6 HPV Integration in Relation to Viral Load, Methylated Genes and Outcome
A number of studies have examined other parameters in relation to HPV integration, although different methods have been used to determine the viral physical status. Olthof et al. (2014) examined whether tumors with episomal virus have a higher viral load than those with integration as determined by APOT and/or DIPS-PCR. For this purpose qPCR was performed on 73 OPSCC samples. Viral load ranged from 3.4 × 10−6 up to 97 HPV DNA copies per cell. When comparing the average viral load in cases with or without integration, no significant differences were seen (7 vs. 8.5 HPV DNA copies/cell). Furthermore, no correlation was found between the mean log2 expression levels of the viral genes E2, E6 or E7 and the viral load. This was also the case in 7 HPV16-positive HNSCC cell lines containing 2–7 integration sites, in which the viral load ranged from 1-739 HPV DNA copies/referencee gene (Beta-globin) copy (Olthof et al. 2015).

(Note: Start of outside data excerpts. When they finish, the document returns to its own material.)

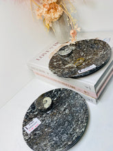 Polished Fossil Ammonite Orthoceras dish.
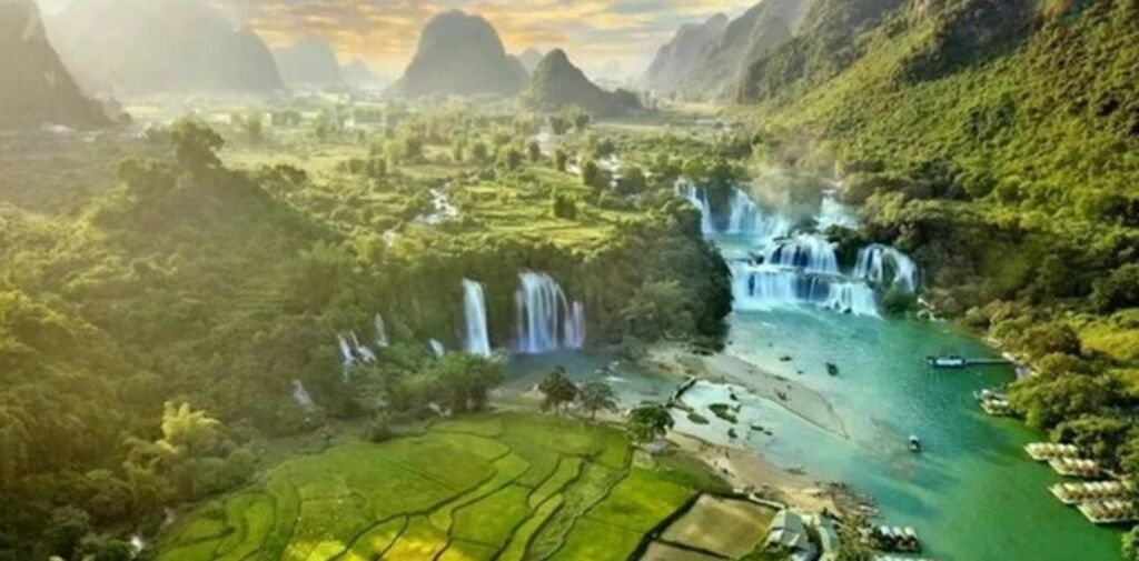 Destination phare du Géoparc mondial UNESCO Non nuoc Cao Bang, la cascade de Ban Giôc fait partie des 21 plus belles cascades du monde sélectionnées par le magazine de voyage américain Travel+Leisure. Elle est non seulement l’une des plus grandes d’Asie du Sud-Est mais aussi l’une des quatre plus grandes cascades du monde situées à la frontière d’un pays.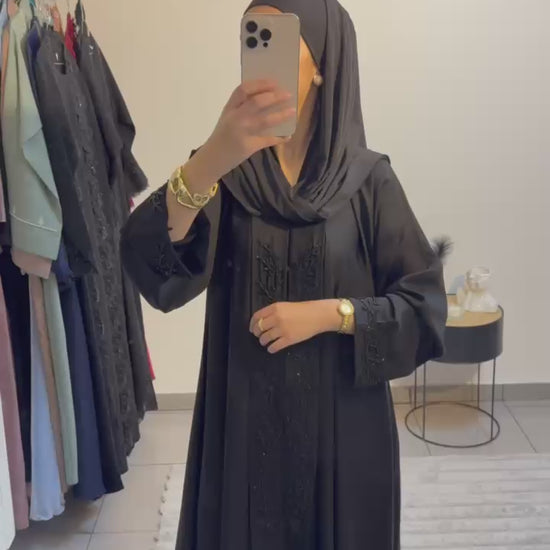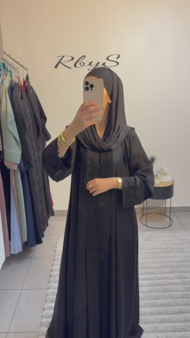 Sa teinte noir profond, chic et indémodable, en fait une abaya idéale pour les occasions spéciales comme pour le quotidien, notamment durant le mois de Ramadan. Les manches larges subtilement brodées renforcent son allure élégante et féminine, tout en conservant une grande légèreté.

In two studies, methylation of human genes as well as E2-binding sites in the HPV LCR DNA, respectively, were examined and compared with the HPV integration status of head and neck cancers. In the first study, Parfenov et al. (2014) showed that DNA methylation profiles are distinct for HPV-positive tumors with integration than for those without integration. Differentially methylated genes included the tumor suppressors BARX2 and IRX4, and the oncogenes SIM2 and CTSE. The mechanism by which integration alters the methylation profile, however, remains to be elucidated (Rusan et al. 2015). In the second study, Reuschenbach et al. (2015) detected differential methylation levels in the HPV16 (LCR) E2-binding sites E2BS3 and E2BS4 depending on the viral DNA physical status, i.e., (1) complete methylation (>80 %) associated with the presence of integrated HPV genomes with an intact E2 gene; (2) intermediate methylation levels (20–80 %) with predominantly episomal HPV genomes with intact E2; and (3) no methylation (<20 %) with a disrupted E2 gene. Patients with high methylation levels tended to have a worse 5-year overall survival compared with patients with intermediate methylation (hazard ratio: 3.23). The authors therefore concluded that further studies are warranted to determine whether the E2BS methylation status may represent a prognostic marker.